__WHAT YOU WILL DO__.
Set down, character for character, everything in the records below from the line holding "不只有應援餐車到場,Rosé" down to the line holding "4cm宽花边皱皱丝带鲜花花束包装彩带礼品盒diy材料蝴蝶结绸带", and no other line.

__DATA FOR PROCESSING__.
━━━━
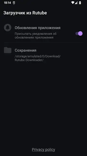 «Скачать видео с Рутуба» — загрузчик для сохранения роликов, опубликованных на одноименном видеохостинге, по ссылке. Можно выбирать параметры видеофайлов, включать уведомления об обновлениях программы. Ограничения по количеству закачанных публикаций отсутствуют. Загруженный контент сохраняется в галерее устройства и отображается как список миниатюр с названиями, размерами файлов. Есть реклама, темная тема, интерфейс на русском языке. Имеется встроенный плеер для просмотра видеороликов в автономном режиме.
━━━━
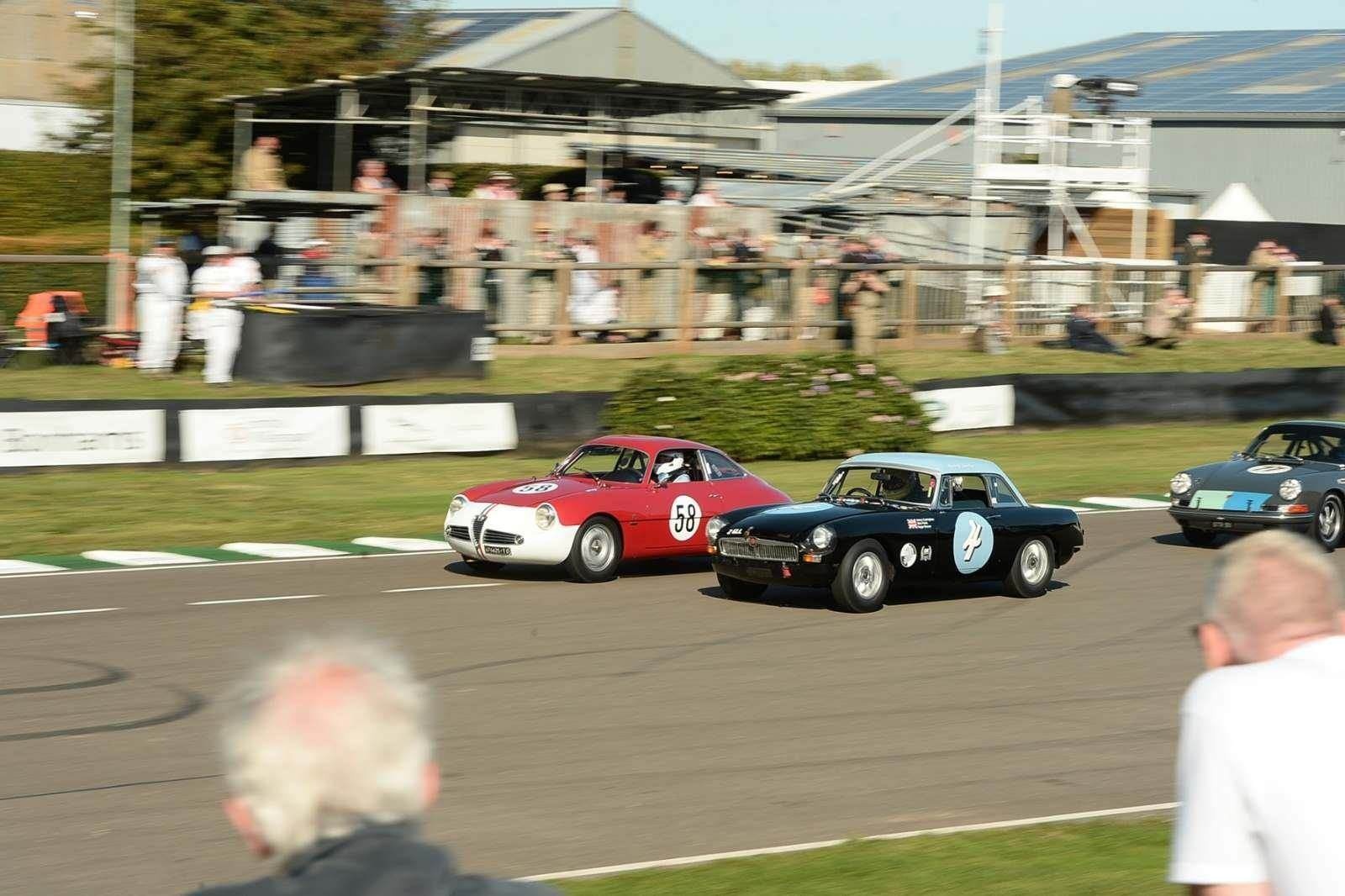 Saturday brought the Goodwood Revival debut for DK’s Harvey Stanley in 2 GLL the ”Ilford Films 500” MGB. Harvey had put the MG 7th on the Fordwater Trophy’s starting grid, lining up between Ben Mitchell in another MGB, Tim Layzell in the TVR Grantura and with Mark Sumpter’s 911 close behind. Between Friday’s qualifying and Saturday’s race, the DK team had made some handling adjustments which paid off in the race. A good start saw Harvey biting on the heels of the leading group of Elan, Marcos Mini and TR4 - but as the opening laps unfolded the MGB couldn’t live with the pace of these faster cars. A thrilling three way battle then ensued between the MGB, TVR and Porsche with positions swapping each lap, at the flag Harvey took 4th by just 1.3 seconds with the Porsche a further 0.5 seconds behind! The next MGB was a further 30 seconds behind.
━━━━
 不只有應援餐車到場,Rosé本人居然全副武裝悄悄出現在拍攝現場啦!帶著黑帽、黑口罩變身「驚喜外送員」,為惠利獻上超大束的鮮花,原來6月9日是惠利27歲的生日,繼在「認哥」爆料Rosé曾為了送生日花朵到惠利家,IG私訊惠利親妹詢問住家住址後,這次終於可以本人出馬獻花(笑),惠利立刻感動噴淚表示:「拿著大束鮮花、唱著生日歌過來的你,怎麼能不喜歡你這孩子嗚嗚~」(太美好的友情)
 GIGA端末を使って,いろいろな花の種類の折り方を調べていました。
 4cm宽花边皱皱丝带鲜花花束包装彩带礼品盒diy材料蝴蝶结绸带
━━━━
__RESPONSE AREA__.
 不只有應援餐車到場,Rosé本人居然全副武裝悄悄出現在拍攝現場啦!帶著黑帽、黑口罩變身「驚喜外送員」,為惠利獻上超大束的鮮花,原來6月9日是惠利27歲的生日,繼在「認哥」爆料Rosé曾為了送生日花朵到惠利家,IG私訊惠利親妹詢問住家住址後,這次終於可以本人出馬獻花(笑),惠利立刻感動噴淚表示:「拿著大束鮮花、唱著生日歌過來的你,怎麼能不喜歡你這孩子嗚嗚~」(太美好的友情)
 GIGA端末を使って,いろいろな花の種類の折り方を調べていました。
 4cm宽花边皱皱丝带鲜花花束包装彩带礼品盒diy材料蝴蝶结绸带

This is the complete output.